─── GIVEN INFORMATION ───

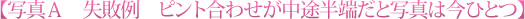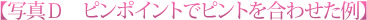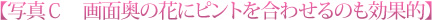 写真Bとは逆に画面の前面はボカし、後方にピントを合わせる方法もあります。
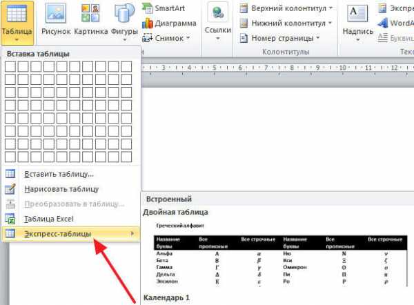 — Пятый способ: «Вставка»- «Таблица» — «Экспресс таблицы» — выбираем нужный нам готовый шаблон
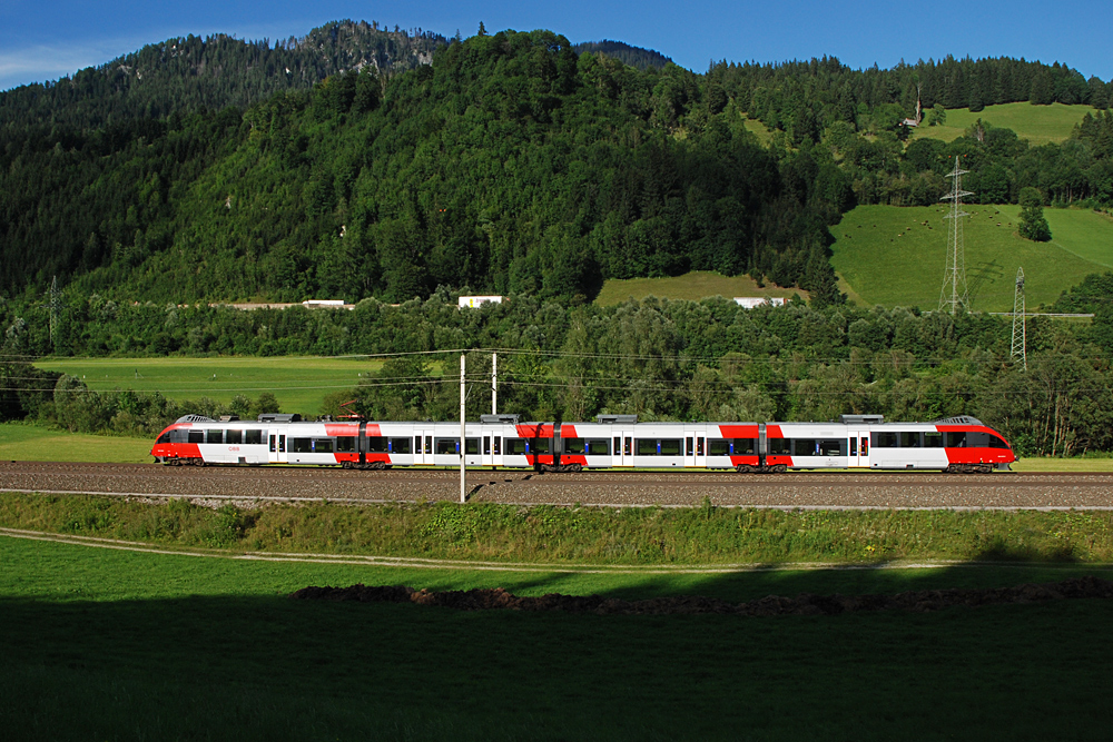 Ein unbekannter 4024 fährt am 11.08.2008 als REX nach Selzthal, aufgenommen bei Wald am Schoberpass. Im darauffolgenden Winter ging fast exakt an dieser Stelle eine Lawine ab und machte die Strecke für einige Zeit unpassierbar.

───
─── GIVEN INFORMATION ───

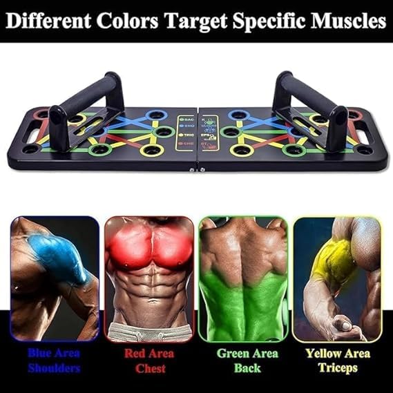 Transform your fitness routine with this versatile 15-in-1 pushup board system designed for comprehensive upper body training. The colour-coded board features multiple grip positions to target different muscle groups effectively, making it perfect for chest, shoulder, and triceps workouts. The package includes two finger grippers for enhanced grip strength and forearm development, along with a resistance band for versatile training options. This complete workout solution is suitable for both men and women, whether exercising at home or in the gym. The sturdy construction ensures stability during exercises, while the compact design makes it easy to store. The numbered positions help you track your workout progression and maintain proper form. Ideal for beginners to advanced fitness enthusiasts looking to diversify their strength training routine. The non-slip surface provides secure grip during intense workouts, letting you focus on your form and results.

───
─── GIVEN INFORMATION ───

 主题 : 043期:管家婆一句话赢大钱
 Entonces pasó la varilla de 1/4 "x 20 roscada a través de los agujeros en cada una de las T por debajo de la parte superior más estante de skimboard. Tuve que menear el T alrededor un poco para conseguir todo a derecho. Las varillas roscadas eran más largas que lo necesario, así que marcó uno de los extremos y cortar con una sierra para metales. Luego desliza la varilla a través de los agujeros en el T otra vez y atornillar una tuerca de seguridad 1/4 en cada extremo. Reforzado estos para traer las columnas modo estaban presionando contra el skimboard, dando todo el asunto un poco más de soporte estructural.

───

Above are some records; extract exactly the lines from the one containing "写真Bとは逆に画面の前面はボカし、後方にピントを合わせる方法もあります。" through the one containing "Ein unbekannter 4024" and drop the pictures.

» PROBLEM SOLUTION:
 写真Bとは逆に画面の前面はボカし、後方にピントを合わせる方法もあります。
 — Пятый способ: «Вставка»- «Таблица» — «Экспресс таблицы» — выбираем нужный нам готовый шаблон
 Ein unbekannter 4024 fährt am 11.08.2008 als REX nach Selzthal, aufgenommen bei Wald am Schoberpass. Im darauffolgenden Winter ging fast exakt an dieser Stelle eine Lawine ab und machte die Strecke für einige Zeit unpassierbar.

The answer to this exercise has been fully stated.